## REQUIRED ACTION
Of all the lines in the entries below, give again exactly those starting at the line containing "kist van eikenhout" and ending at the line containing "Aquests personatges de", both ends included, and no others.

## DATA UNDER STUDY
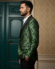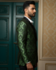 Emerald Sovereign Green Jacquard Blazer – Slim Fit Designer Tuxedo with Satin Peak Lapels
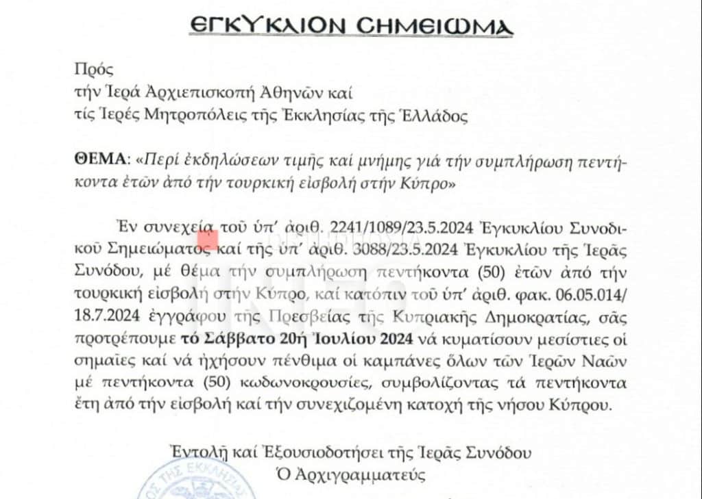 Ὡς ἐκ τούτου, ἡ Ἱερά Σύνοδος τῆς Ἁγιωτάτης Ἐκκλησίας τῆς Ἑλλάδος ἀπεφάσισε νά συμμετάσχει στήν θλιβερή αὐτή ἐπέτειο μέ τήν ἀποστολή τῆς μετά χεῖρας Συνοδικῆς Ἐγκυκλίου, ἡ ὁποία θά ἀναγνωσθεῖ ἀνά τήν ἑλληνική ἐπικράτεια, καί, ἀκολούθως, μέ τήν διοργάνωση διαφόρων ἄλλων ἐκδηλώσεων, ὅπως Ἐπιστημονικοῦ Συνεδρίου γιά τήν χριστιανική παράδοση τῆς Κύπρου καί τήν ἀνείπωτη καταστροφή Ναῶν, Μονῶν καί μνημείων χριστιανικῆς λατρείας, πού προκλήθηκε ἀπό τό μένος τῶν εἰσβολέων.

...

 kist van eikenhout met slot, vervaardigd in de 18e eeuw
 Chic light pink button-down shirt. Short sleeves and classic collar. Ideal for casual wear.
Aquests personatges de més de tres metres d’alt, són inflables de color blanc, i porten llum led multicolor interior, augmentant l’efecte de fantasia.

* * *

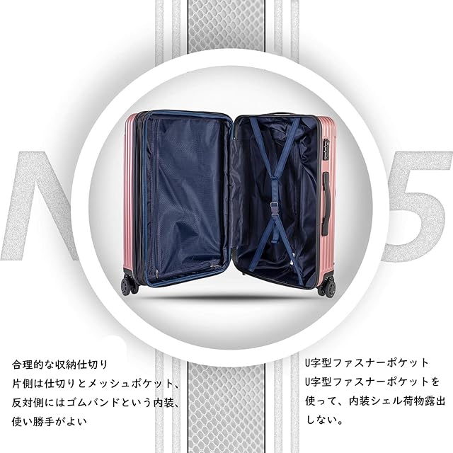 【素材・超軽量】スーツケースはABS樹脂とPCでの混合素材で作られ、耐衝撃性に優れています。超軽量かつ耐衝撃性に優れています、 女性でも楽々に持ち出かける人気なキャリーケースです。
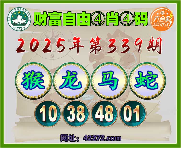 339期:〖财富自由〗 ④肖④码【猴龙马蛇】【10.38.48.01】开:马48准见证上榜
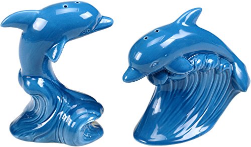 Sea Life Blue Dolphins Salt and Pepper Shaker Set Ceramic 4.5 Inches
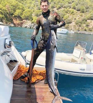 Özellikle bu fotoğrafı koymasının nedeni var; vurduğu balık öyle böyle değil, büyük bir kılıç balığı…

## RESULT OF THIS EXERCISE
 kist van eikenhout met slot, vervaardigd in de 18e eeuw
 Chic light pink button-down shirt. Short sleeves and classic collar. Ideal for casual wear.
Aquests personatges de més de tres metres d’alt, són inflables de color blanc, i porten llum led multicolor interior, augmentant l’efecte de fantasia.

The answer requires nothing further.